Whole-genome sequencing (WGS) based on next-generation sequencing (NGS) of MTBC strains often involves data analysis by mapping of short sequence reads of the strains to a complete reference genome [38], usually H37Rv [39, 40] or a reconstructed ancestor with the same gene content as H37Rv [22, 41, 42]. The resulting SNPs are then used for drug resistance determination, subtyping and transmission analyses [38]. However, since H37Rv is a L4 strain, it might not be representative for the genome of strains of other MTBC lineages. Thus, if H37Rv is used as basis for genome analysis, several genes or larger genomic regions may be missed, resulting in an underestimation of genome diversity among the strains of other lineages that may, however, provide additional information, e.g. for transmission analysis.

The members of the MTBC evolved from an environmental organism to an obligate pathogen through genome reduction and acquisition of new genes [43]. In addition, it is known that some differences in gene content exist between strains of different lineages [10, 38, 44–48]. Furthermore, it was reported that genes had a higher genetic diversity among L6 strains compared to L5 ones [36], but the difference in gene content between strains of these two lineages was not investigated, but had been alluded to in an earlier abstract publication [37]. Further, little is known about the gene differences between genomes of L4 and L5 strains and the potential limitations this may impose for in-depth analysis of genome studies of L5 strains (e.g. sub-lineage detection and transmission tracking). Similarly, little is known about within-lineage diversity in terms of gene content.

To address these questions, we assessed the gene content diversity of L5 strains in the context of WGS and reference selection. To this end, we analysed 358 genomes of L5 strains, including 3 complete genomes, and compared them to H37Rv and strains of closely related lineages [L6 and M. tuberculosis var. bovis (hereafter called M. bovis) [19]. Our main focus was to determine particularities in the genomes of L5 strains compared to the MTBC strain type (H37Rv, a L4) and strains of MTBC lineages phylogenetically closely related to L5 (L6 and M. bovis); deduce hypotheses for L5 phenotype/biology; and define the level of within-lineage gene content differences among strains of this lineage of the MTBC.

Methods

Genomes

Complete genomes (PacBio-sequenced, complete long reads)

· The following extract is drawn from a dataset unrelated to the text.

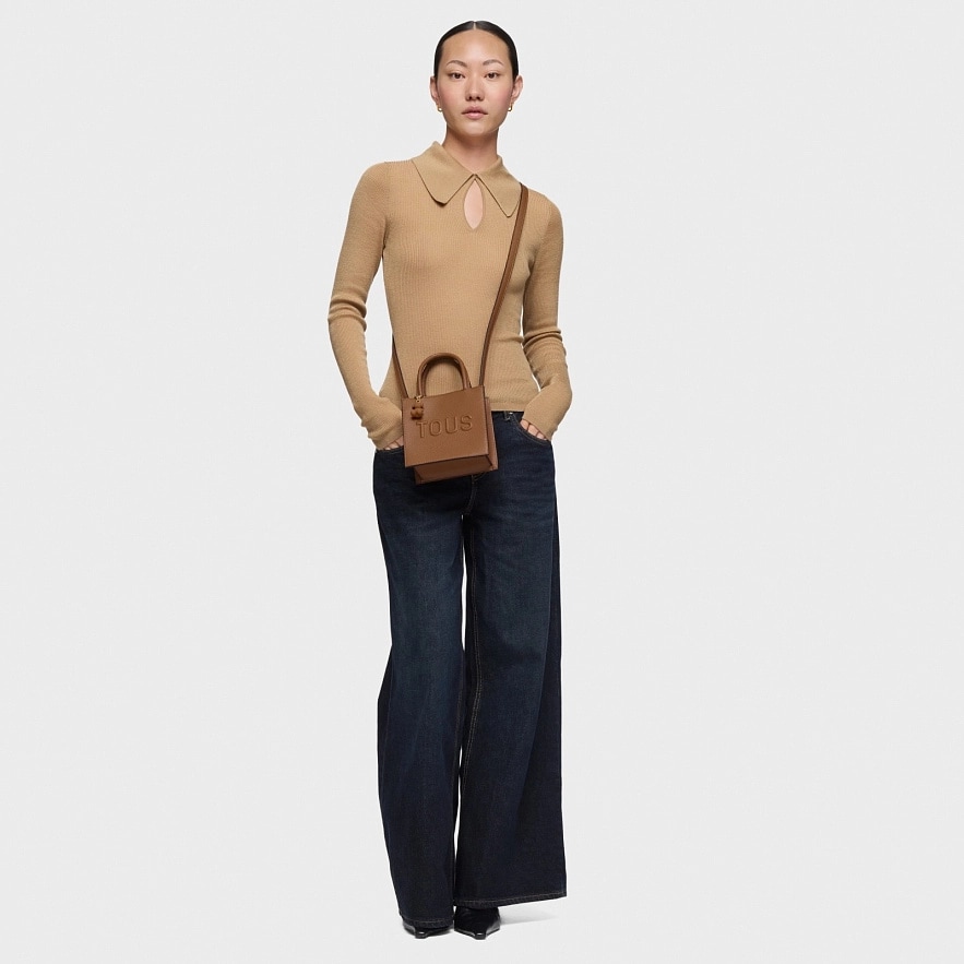 Сумка TOUS Brenda из полиуретана цвета кемел. Застежка на магнитной кнопке. Фиксированные ручки, регулируемый и съемный наплечный ремень. Имеет симпатичную подвеску в виде мишки. Размеры (высота х ширина х глубина): 14 х 16 х 8,5 см.

Three complete genomes from L5 clinical isolates, all sequenced with the PacBio SMRT technology, were analysed. One genome was from a Benin isolate [PcbL5Ben; sequenced in this study, National Center for Biotechnology Information (NCBI) accession PRJNA641267], one from an isolate from The Gambia (PcbL5Gam, WBB1453_11-00429-1) [1] and one from Nigeria (PcbL5Nig, WBB1454_IB091-1) [1]. These genomes also represent disparate parts of L5’s diversity, representing a broad range of L5 sub-lineages, as recently defined [6]. The previously published reference/complete genomes H37Rv (L4) (NC_000962.3) [39, 40, 49], L6 (GM041182, GenBank accession: FR878060.1, GCF_0001593225.1_ASM159322v1) [50] and M. bovis (AF2122/97, accession: LT708304.1) [51] were also included.

Whole genomic DNA extraction

Genomic DNA extraction was performed on growth from fresh Löwenstein–Jensen slants using the semi-automated Maxwell 16 Cell DNA purification kit in the Maxwell 16 machine, or from the late exponential phase of growth in 7H9 medium, using the CTAB method [6, 52].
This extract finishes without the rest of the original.